What China’s reduced RRR means for real estate

Beijing sending signal that it is loosening monetary policy after years of deleveraging

Chinese yuan notes and coins. maoyunping/Shutterstock

Monetary easing will impact China’s real estate sector slowly, according to a note this week by CBRE.

Chinese regulators retain a cautious approach towards real estate financing, meaning that the effect of monetary easing and the lower cost of capital will impact the real estate sector “gradually,” said Sam Xie, head of research for China at the consultancy.

Also, CBRE believes domestic investment demand for commercial real estate could improve in the second half of 2019, supporting asset prices, he added.

Talk of relaxation in the mainland’s monetary policy mounted after the People’s Bank of China (PBoC) announced it would lower banks’ required reserve ratio (RRR) by 100 bps today, 15 January. It marks the first across-the-board cut to the RRR since April 2016.

The RRR will be reduced by another 50 bps on 25 January in a move to infuse the economy with an estimated CNY800 billion (USD118.5 billion) of liquidity. Further RRR cuts may be considered in the coming months.

“While authorities continue to stress the principle of ‘housing without speculation’, local policy implementation is expected to become more flexible this year,” Xie stated.

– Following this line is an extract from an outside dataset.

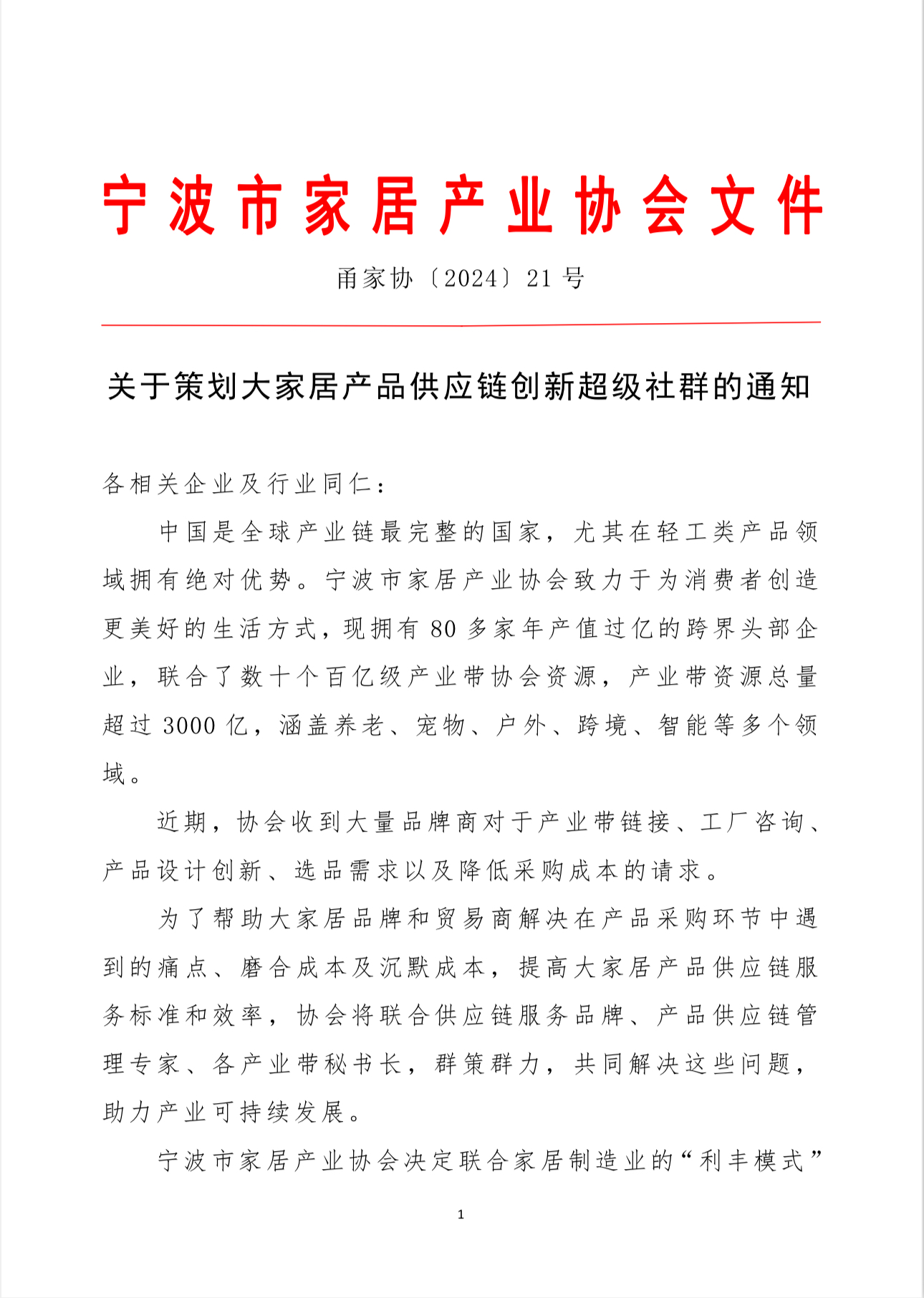> > 甬家协〔2024〕21号关于策划大家居产品供应链创新超级社群的通知

Several cities have already lifted property curbs, while commercial banks have reduced mortgage interest rates. Should economic performance falter, the government is expected to loosen its grip even more.

Beijing’s moves are happening against a background of acrimonious trade ties between the US and China. Xie exhorted occupiers and investors to keep themselves abreast of the latest developments ahead of the 90-day truce’s expiry in March.

Occupiers and investors should also prepare for the possibility of the further weakening of the CNY, he warned. Since 2018, China’s monetary policy has gradually diverged from that of the US, with the latest RRR cut coming on the heels of the Federal Reserve interest rate hike last month.

“This indicates that PBoC strategy will now be driven more by domestic economic factors, rather than external alignment. It also implies that currency value will take secondary priority,” Xie said.